This and DeclarationName is very clever. Can I con you into describing some of the high level design decisions behind this in docs/InternalsManual.html?

+class DeclarationName {

  • /// getExtra - Get the “extra” information associated with this
  • /// multi-argument selector or C++ special name.
  • DeclarationNameExtra *getExtra() const {
  • return reinterpret_cast<DeclarationNameExtra *>(Ptr & ~PtrMask);
  • }

Should assert that it is the right kind? I guess it doesn’t matter too much since it is private.

+class DeclarationNameTable {

Please add a doxygen comment.

+std::string NamedDecl::getName() const {

  • default:
  • break;

What is the default case here? This seems like it should be an assert(0), no?

-Chris

> One option would be to move DeclarationName to Basic and use it to
> completely replace Selector. Then everything that can name a
> declaration will use a single class type, across all languages.

Is that the right thing to do independently of the layering issue? If so,
then it's interesting.

I know I'd feel more comfortable if we had just one notion of names
for the various declarations in Clang. On the other hand, Selectors
are only used in the (relatively small) subset of Clang that deals
with Objective-C, so it would be somewhat unfortunate to use
DeclarationNames there.

Actually, I think I know what we should do: move all of the logic of
Selector into DeclarationName. Then, make Selector a subclass of
DeclarationName that can only be constructed from Objective-C
selectors. So we'll still have a single, unified notion of a
"declaration name" in Clang, and the Objective-C parts of the code can
still traffic in Selectors where it makes sense (Selector will, of
course, not add any overhead to DeclarationName).
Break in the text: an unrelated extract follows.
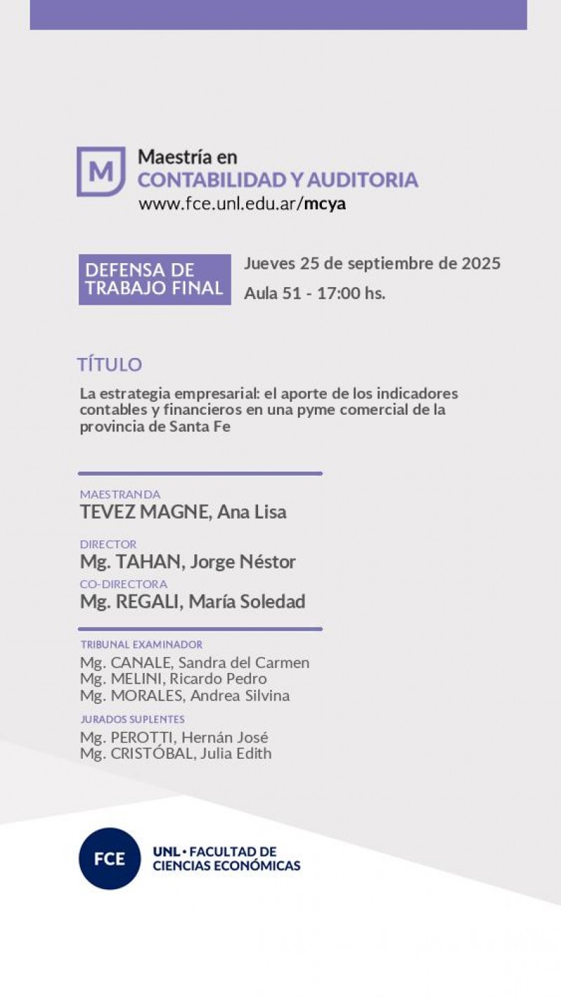 El Jueves 25 de septiembre de 2025 a las 17:00 hs., Ana Lisa TEVEZ MAGNE defenderá su trabajo 'La estrategia empresarial: el aporte de los indicadores contables y financieros en una pyme comercial de la provincia de Santa Fe'.

Jumping to the patch, it definitely qualifies as "beautiful code". I like
it a lot and you did an outstanding job on the interfaces. Here are some
random minor comments:

+/// DeclarationNameExtra - Common base of the MultiKeywordSelector and
+/// CXXSpecialName classes, both of which are private classes that can
+/// be stored by the AST's DeclarationName class.
+class DeclarationNameExtra {
This and DeclarationName is very clever. Can I con you into describing some
of the high level design decisions behind this in docs/InternalsManual.html?

Sure thing!

+class DeclarationName {
..
+ /// getExtra - Get the "extra" information associated with this
+ /// multi-argument selector or C++ special name.
+ DeclarationNameExtra *getExtra() const {
+ return reinterpret_cast<DeclarationNameExtra *>(Ptr & ~PtrMask);
+ }
Should assert that it is the right kind? I guess it doesn't matter too much
since it is private.

It's better to have the assert than chase down a bug where this fails.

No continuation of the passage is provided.